# Elucidating the Role of Perivascular Niche in Glioblastoma Invasion and Therapeutic Resistance at Single Cell Resolution using Biomimetic Tumor Microenvironment Models

> **NIH NIH R01** · ARIZONA STATE UNIVERSITY-TEMPE CAMPUS · 2022 · $377,239

## Abstract

Summary
 One of the critical challenges in the treatment of Glioblastoma (GBM) is the presence of highly resistant cells
with stem-like properties, called glioma stem cells (GSCs), that evade surgical resection, resist conventional
treatments and are primarily responsible for tumor recurrence. The perivascular niche within the GBM tumor
microenvironment (TME) has been well recognized as a critical site that shelters GSCs and promotes their
stemness, invasion, and therapeutic resistance.
 Extensive studies from others and our lab, using in vitro and in vivo models, have demonstrated that the
crosstalk between the endothelial cells (ECs) and GSCs regulates GSC proliferation, tumorigenicity and self-
renewal capacity. However, the perivascular niche is a complex microenvironment comprised not only of ECs
but multiple other cell types including astrocytes, pericytes, and immune cells. How the cell-cell interactions
between the various cellular components of the perivascular niche modulate GSC behavior (proliferation vs.
quiescence and invasion vs. homing) and therapy resistance is poorly understood. To address these unmet
biological knowledge gaps, there is a critical need for sophisticated and more realistic ex vivo tumor models that
better recapitulate the physiological complexities of the GBM perivascular niche to advance our fundamental
understanding of the biology of the disease and predict therapeutic responses.
 Recently, we have established and validated an on-chip microfluidic tumor model of GBM, with a unique 3D
organotypic architecture, to study the influence of the perivascular niche on GSC invasion. We have shown that
co-culturing of astrocytes enhances EC-induced invasion of GSCs, where RNA-seq analysis of mono-culture vs.
tri-culture provided a mechanistic insight into the receptor-ligand pairs that mediate the interactions between
cells.
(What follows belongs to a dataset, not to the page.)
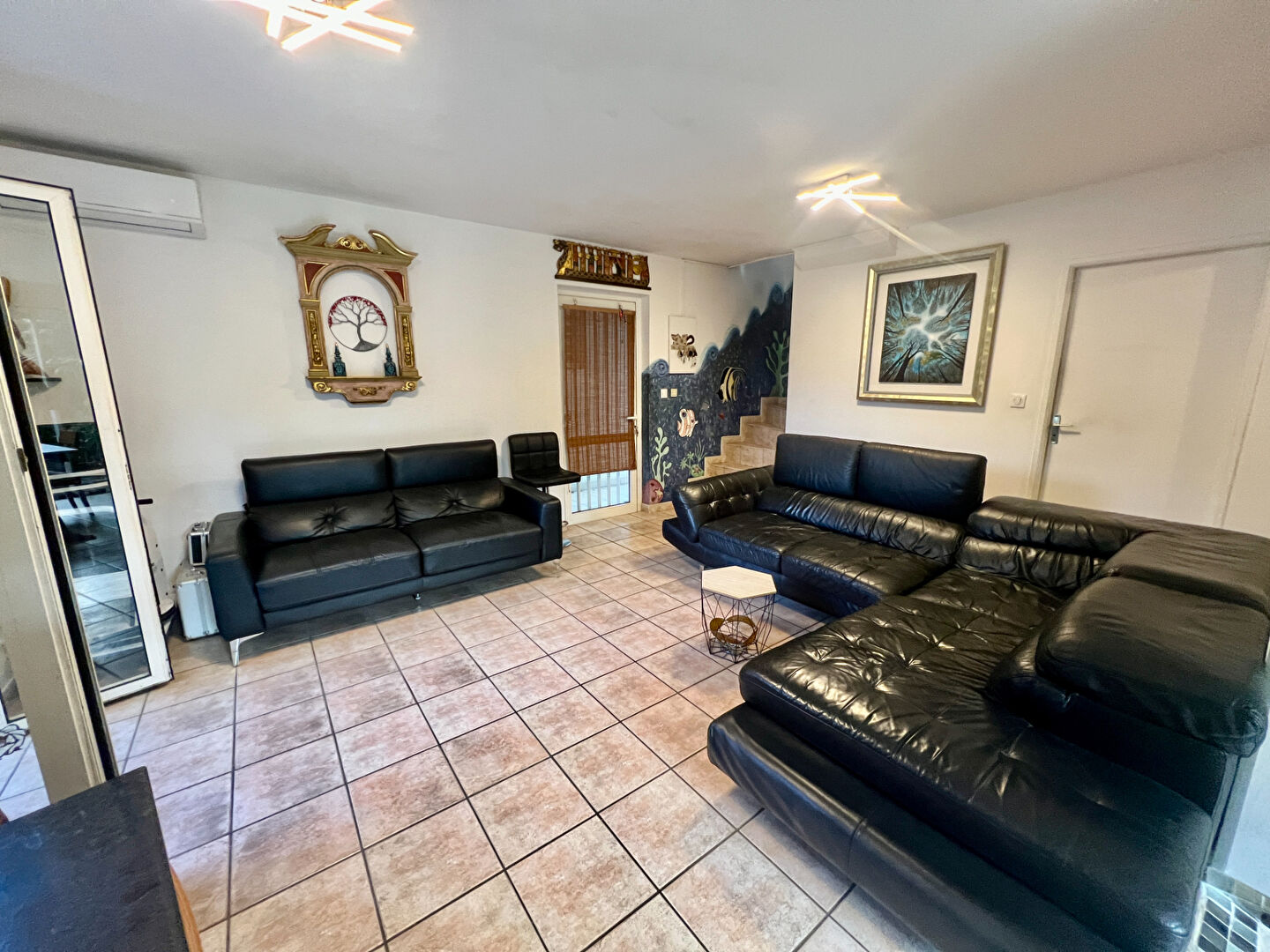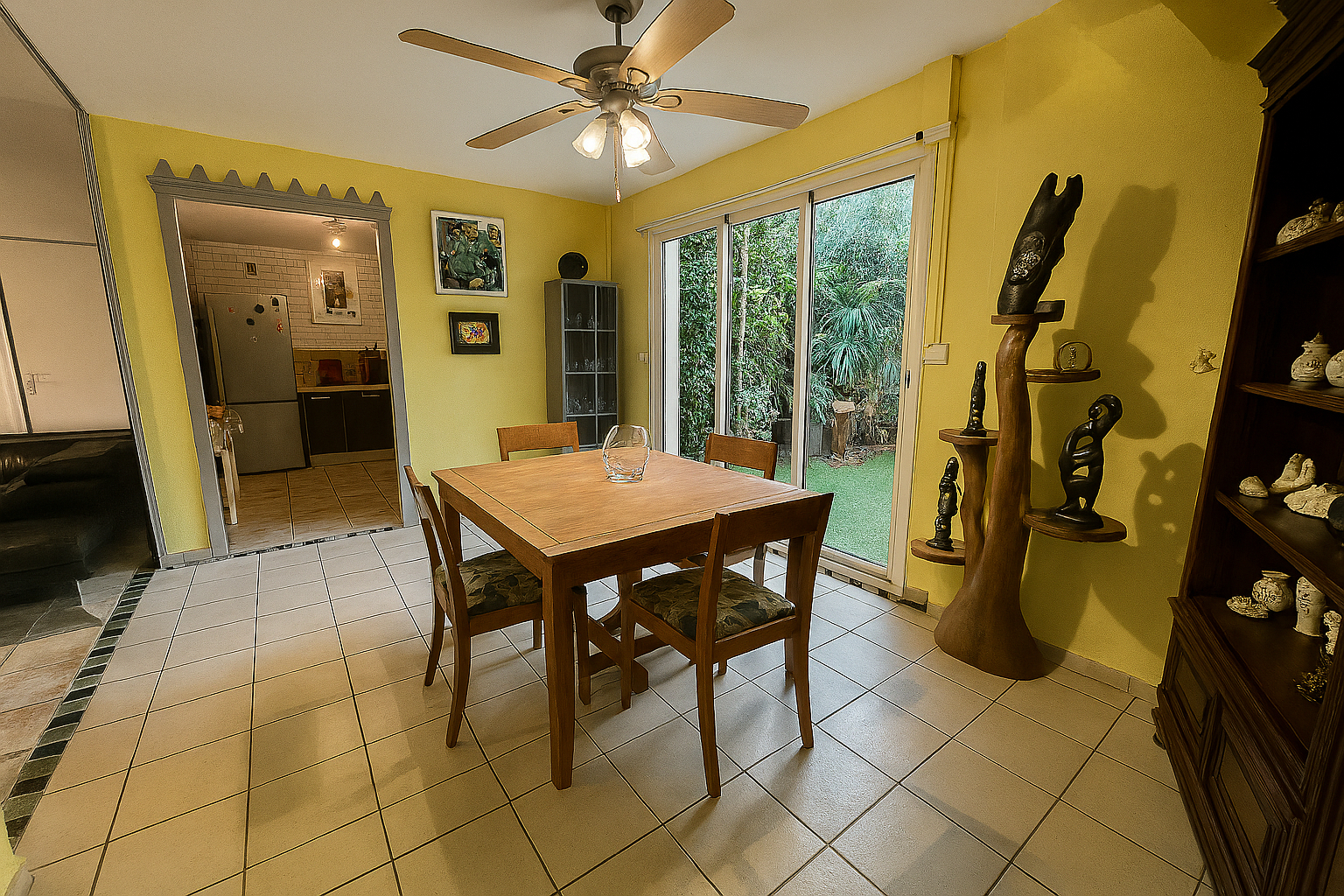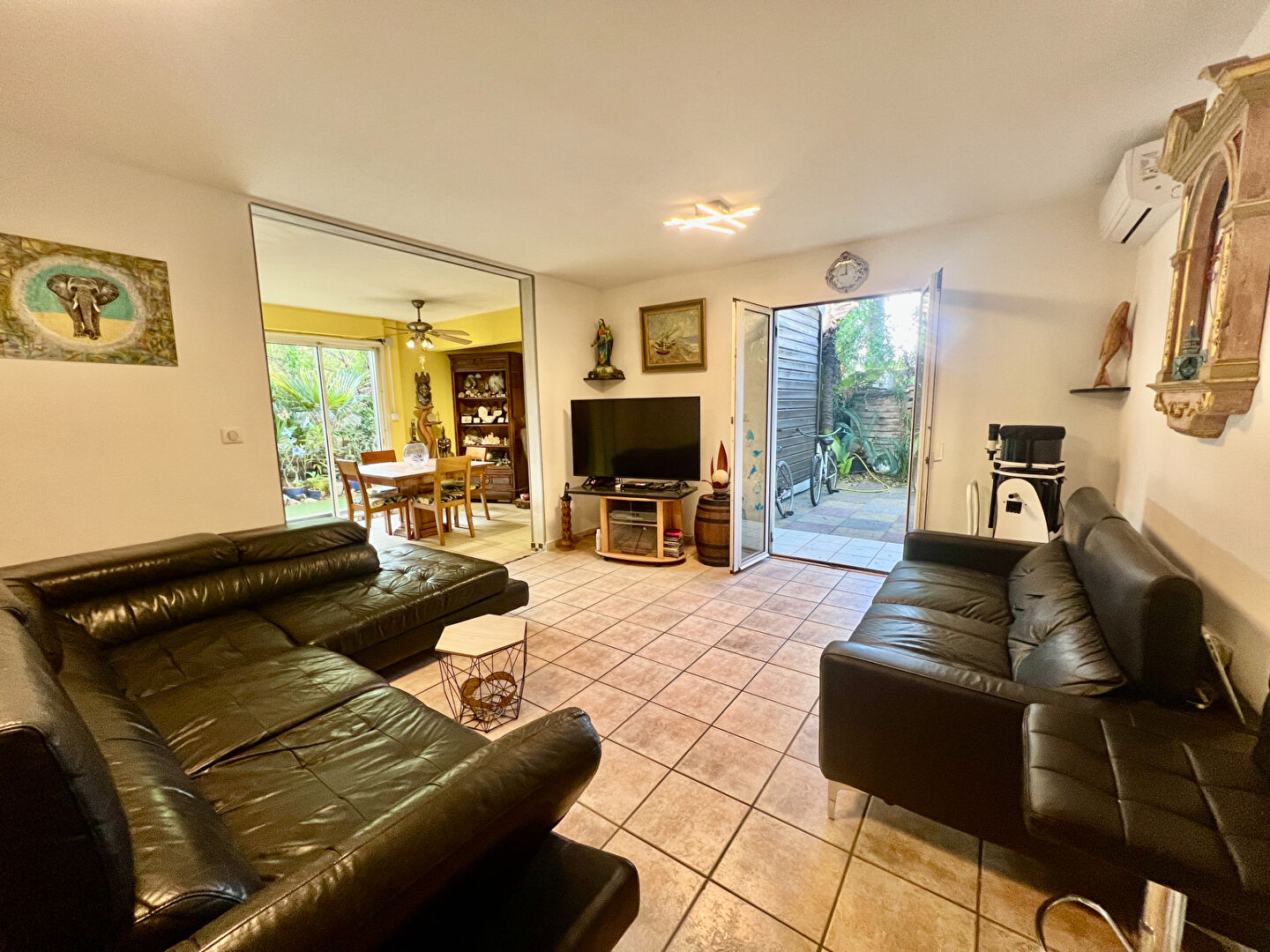 Séjour de 20m² ouvert sur un jardinet de 20m², idéal pour vos moments de détente.

Based on these foundational developments, in this study our goal is to develop an ex vivo tumor model of
GBM, bioinspired from the native perivascular niche, with patient-derived cells to dissect the role of cellular
components within the niche on GSC biology and response to treatment at single cell resolution.
 In Aim 1, our objective is to determine the influence of the key cell types within the perivascular niche on
GSC-EC interactions. In Aim 2, we plan to mechanistically unveil the impact of radiation treatment on GSCs-
perivascular niche interactions, while in Aim 3, we will blunt invasion and sensitize GSCs through disruption of
niche-tumor cell interactions. Our study design uniquely employs an interdisciplinary approach including
microengineering of a bioinspired ex vivo tumor model, single-cell level resolution analysis, molecular-level
transcriptomics, and validation using ex vivo patient tumor samples. Successful completion of these studies will
not only further our understanding of the interactions of GSCs with the perivascular niche but will also facilitate
identification of novel target...

## Key facts

- **NIH application ID:** 10487570
- **Project number:** 5R01NS123038-02
- **Recipient organization:** ARIZONA STATE UNIVERSITY-TEMPE CAMPUS
- **Principal Investigator:** Mehdi Nikkhah
- **Activity code:** R01 (R01, R21, SBIR, etc.)
- **Funding institute:** NIH
- **Fiscal year:** 2022
- **Award amount:** $377,239
- **Award type:** 5
- **Project period:** 2021-09-15 → 2026-07-31

## Primary source

NIH RePORTER: https://reporter.nih.gov/project-details/10487570

## Citation

> US National Institutes of Health, RePORTER application 10487570, Elucidating the Role of Perivascular Niche in Glioblastoma Invasion and Therapeutic Resistance at Single Cell Resolution using Biomimetic Tumor Microenvironment Models (5R01NS123038-02). Retrieved via AI Analytics 2026-05-22 from https://api.ai-analytics.org/grant/nih/10487570. Licensed CC0.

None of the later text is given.